The federal government said nearly 10 million people signed up for Medicaid health coverage during the pandemic year that ended in January 2021. A decade after passage of the Affordable Care Act (ACA), which expanded Medicaid to include more low-income Americans by increasing the income limit for eligibility, the new sign-ups pushed total Medicaid enrollment to a record high of 80 million.
The recent increase was largely due to the spike in sign-ups among the unemployed or workers who saw their hours reduced and lost some of their wages. The relief packages passed by Congress in March 2020 and this year encouraged Medicaid enrollment by giving states additional funding to pay medical costs and sign up more people.
Beyond Medicaid, sales of regular health insurance policies sold on the state insurance exchanges also rose last year, as COVID-19 raced through the population. A 5 percent increase in enrollment in the policies, which are often subsidized, pushed total enrollment to 12 million.
Earlier this year, the American Rescue Plan continued to shore up health coverage by reducing insurance premiums for people who buy the policies. Unfortunately, these and earlier federal supports were temporary measures put in place for the pandemic, and some progress will be reversed when the supports expire at the end of this year or next year.
Despite the recent coverage gains, it has been a bumpy ride. Prior to COVID-19, sales of ACA policies had been slowing after years of marked progress in reducing the U.S. uninsured rate. And in the states that have not expanded Medicaid to reach more residents, the uninsured rates are nearly double the rates in the expansion states – 15.5 percent vs 8.3 percent. …Learn More
June 15, 2021
Employers Want Help with Health Costs
The cost of employer health insurance has skyrocketed, and workers are picking up some of that growing tab. Amid employees’ grumbling, employers are loath to push more of the cost onto their workers.
That’s why the consensus view among major employers, expressed in a recent survey, sounded like a cry for help. Calling rising insurance costs “unsustainable,” the vast majority said they need help from the government either to provide alternative forms of coverage or control health care and prescription costs.

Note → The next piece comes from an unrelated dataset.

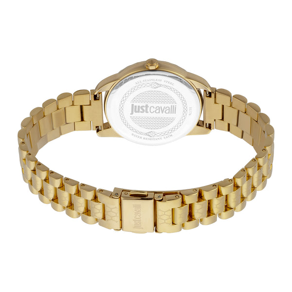 En el ámbito de la elegancia y la sofisticación, el Just Cavalli Watch emerge como un faro de estilo y gracia. Elaborado en el corazón de la moda, este exquisito reloj es un testimonio del compromiso de la marca con el lujo y el diseño. La caja redonda, bañada en un lustroso tono de oro amarillo, captura la esencia de la opulencia, mientras que su diámetro de 34 mm asegura un ajuste perfecto para la mujer moderna que valora tanto la forma como la función. Con una resistencia al agua de hasta 50 metros, este reloj es tan práctico como hermoso, listo para acompañarte en las aventuras de la vida. La esfera de cristal mineral ofrece una vista clara de la carátula color champán, donde tres elegantes manecillas se deslizan sin esfuerzo, impulsadas por un preciso movimiento de cuarzo. La correa de acero inoxidable, también en un oro amarillo a juego, se envuelve alrededor de la muñeca con un cierre desplegable tipo mariposa, asegurando tanto seguridad como facilidad de uso. Este Just Cavalli Watch es más que un accesorio, es una declaración de pensamiento vanguardista en moda, una pieza que combina sin esfuerzo la elegancia atemporal con un estilo contemporáneo. Ya sea que asistas a una gala o disfrutes de un día casual, este reloj es el compañero perfecto, encarnando el espíritu del lujo y el arte de vivir bellamente.

Employers “have reached their limit,” said Elizabeth Mitchell, chief executive of the Purchaser Business Group on Health, an employer advocacy organization that collaborated with the Kaiser Family Foundation on the survey.
Employers, she said, “are tired of pouring tons of money into a broken health care market that delivers uneven quality at bloated costs.”
And these are the major corporations and non-profits with more than 5,000 employees. They have some leverage to negotiate with insurers and more financial wherewithal to pay for the plans. Smaller employers – if they provide health insurance at all – pay roughly the same premiums as large employers, and their workers shoulder a larger share of the cost for family plans.
Last year, employers with more than 50 workers paid $21,342 in premiums to cover employees with family plans – that’s still 50 percent more than a decade ago, despite a recent slowdown in health care inflation, according to Kaiser.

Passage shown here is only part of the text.